# In-place Parallel Super Scalar Samplesort (IPS⁴o)

This is the implementation of the algorithm presented in the [eponymous paper](https://arxiv.org/abs/1705.02257),
which contains an in-depth description of its inner workings, as well as an extensive experimental performance evaluation.
Here's the abstract:

> We present a sorting algorithm that works in-place, executes in parallel, is
> cache-efficient, avoids branch-mispredictions, and performs work O(n log n) for
> arbitrary inputs with high probability. The main algorithmic contributions are
> new ways to make distribution-based algorithms in-place: On the practical side,
> by using coarse-grained block-based permutations, and on the theoretical side,
> we show how to eliminate the recursion stack.

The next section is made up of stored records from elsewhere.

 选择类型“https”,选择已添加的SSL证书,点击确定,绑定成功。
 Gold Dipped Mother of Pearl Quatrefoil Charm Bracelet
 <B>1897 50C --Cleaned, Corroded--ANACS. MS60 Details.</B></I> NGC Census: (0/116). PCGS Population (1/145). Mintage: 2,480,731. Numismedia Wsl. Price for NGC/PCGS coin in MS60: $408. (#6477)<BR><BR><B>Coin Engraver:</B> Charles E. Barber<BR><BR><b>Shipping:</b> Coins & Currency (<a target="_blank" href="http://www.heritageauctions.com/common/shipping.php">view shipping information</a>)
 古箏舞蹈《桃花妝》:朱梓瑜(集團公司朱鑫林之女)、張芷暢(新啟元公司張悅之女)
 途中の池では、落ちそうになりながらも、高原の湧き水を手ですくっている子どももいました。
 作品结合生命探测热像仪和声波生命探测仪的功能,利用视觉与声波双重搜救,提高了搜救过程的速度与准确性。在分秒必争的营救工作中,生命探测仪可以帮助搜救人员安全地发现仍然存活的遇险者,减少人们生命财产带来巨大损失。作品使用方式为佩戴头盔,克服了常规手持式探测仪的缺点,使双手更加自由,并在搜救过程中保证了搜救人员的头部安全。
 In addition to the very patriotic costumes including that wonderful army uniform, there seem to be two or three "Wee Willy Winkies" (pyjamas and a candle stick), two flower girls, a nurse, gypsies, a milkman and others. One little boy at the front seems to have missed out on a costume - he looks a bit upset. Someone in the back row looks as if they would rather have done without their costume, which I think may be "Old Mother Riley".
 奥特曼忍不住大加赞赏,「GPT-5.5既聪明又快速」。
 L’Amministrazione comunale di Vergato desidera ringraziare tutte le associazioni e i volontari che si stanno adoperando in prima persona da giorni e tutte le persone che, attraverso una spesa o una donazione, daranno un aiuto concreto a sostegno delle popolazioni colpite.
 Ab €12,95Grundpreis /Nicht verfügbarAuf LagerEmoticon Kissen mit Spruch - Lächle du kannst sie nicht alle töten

Extensive experiments show that
> our algorithm IPS⁴o scales well on a variety of multi-core machines. We
> outperform our closest in-place competitor by a factor of up to 3. Even as
> a sequential algorithm, we are up to 1.5 times faster than the closest
> sequential competitor, BlockQuicksort.

**This repository is deprecated!** The current version of IPS⁴o is
published at
[https://github.com/ips4o/ips4o](https://github.com/ips4o/ips4o). You
may also want to check out our prototypical implementation of In-place
Parallel Super Scalar Radix Sort (IPS²Ra) at
[https://github.com/ips4o/ips2ra](https://github.com/ips4o/ips2ra). IPS²Ra
applies the in-place approach of IPS⁴o to radix sort. The new
repositories support the CMake build system.

## Usage

```C++
#include "ips4o.hpp"

// sort sequentially
ips4o::sort(begin, end[, comparator])

// sort in parallel (uses OpenMP if available, std::thread otherwise)
ips4o::parallel::sort(begin, end[, comparator])
```

Make sure to compile with C++14 support. Currently, the code does not compile on Windows.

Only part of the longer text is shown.